KÖTÜLÜK PROBLEMİ ve İNSAN HÜRRİYETİ

Platon kötülük sorununu evrendeki düzensiz hareketlere bağlamış ve bundan kötü ruhları sorumlu tutmuştur. Plotinius kötülüğün kaynağının madde olduğu görüşü üzerinde durmuştur. Farabi ise kötülüğün, maddenin ilahi nizamı tam olarak kabul edip yansıtacak bir kuvvete sahip olmamasından doğduğunu söylemektedir.

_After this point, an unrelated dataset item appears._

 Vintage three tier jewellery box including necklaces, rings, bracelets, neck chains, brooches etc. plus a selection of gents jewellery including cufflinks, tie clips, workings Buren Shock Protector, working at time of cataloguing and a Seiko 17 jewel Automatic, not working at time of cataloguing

Buraya kadar bahsedilen kötülükler tabii kötülüklerdir, ahlaki kötülük hakkında ise Farabi, insanın bedenli bir varlık olmasından dolayı ahlakı kötülüğü de nihai noktada maddenin tam nizamı kabule müsait olmamasından kaynaklandığını ifade etmektedir.

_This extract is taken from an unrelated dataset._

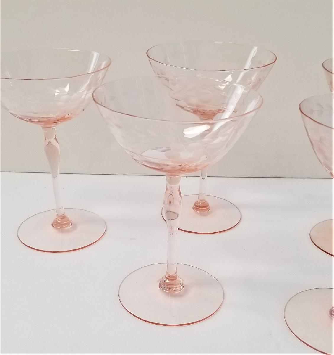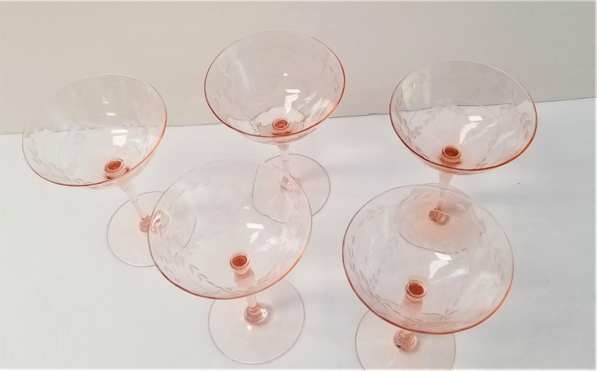 5 lovely pink etched crystal goblets/champagnes - all in good condition. Each stands 6" tall. Probably from the 1940's or so.

Tanrı’nın adaleti ve alemin mevcut durumu felsefe tarihinde teknik bir terimle Teodise ile anlatılır.
İbni Sina göre ise kötülük kemalin yokluğu durumudur. Gazali ise, Allah’ın ilim, irade, kudret vs sıfatlarına dayanarak bu alemin mümkün alemler arasında en iyisi, en güzeli ve en tamı olduğunu söyler. Yani olmuş olandan daha iyisi mümkün değildir.
Batı dünyasında ise Leibniz her türlü kötülüğe rağmen, ilahi adalet, alemde tecelli etmiştir der ve teodisenin anlamı da budur.
Kötülük Kavramının yorumu
1 Tabii afetlerin adaletsizlik anlamında kötülük olduğu görüşü üç din tarafından da reddedilmektedir.
2 Kötülüğün iyiliğin bilinmesi ve takdir edilmesi için varkılındığı görüşü.
3 Belli oranda kötülüğün alemdeki estetik görünüm ve yapıyı tamamladığı görüşü. Çirkinlik olmadan, güzellik kavramı elde edilemezdi.
Kötülük problemini çözmeye çalışan diğer bir görüşte Tanrının sınırlılığı mevzuudur. Fiilin sınırlı olması, failin sınırlı olması anlamına gelmez.
İnsanın hürriyeti konusuna gelindiğinde ise karşımıza bir paradoks çıkmaktadır. Eğer Tanrı insana hür iradeyi vermiş ise, bu iradenin kötülük için kullanılmasına mani olamaz demektir, dolayısıyla Tanrı, insanın yapıptıklarından sorumlu değildir, Acaba Tanrı’nın kontrol altında tutamayacağı, yahut tutmak istemediği bir varlığı yaratması doğrumudur? Soruya nasıl cevap verilirse verilsin, cevap Tanrı’nın kadir olduğu düşüncesine terstir.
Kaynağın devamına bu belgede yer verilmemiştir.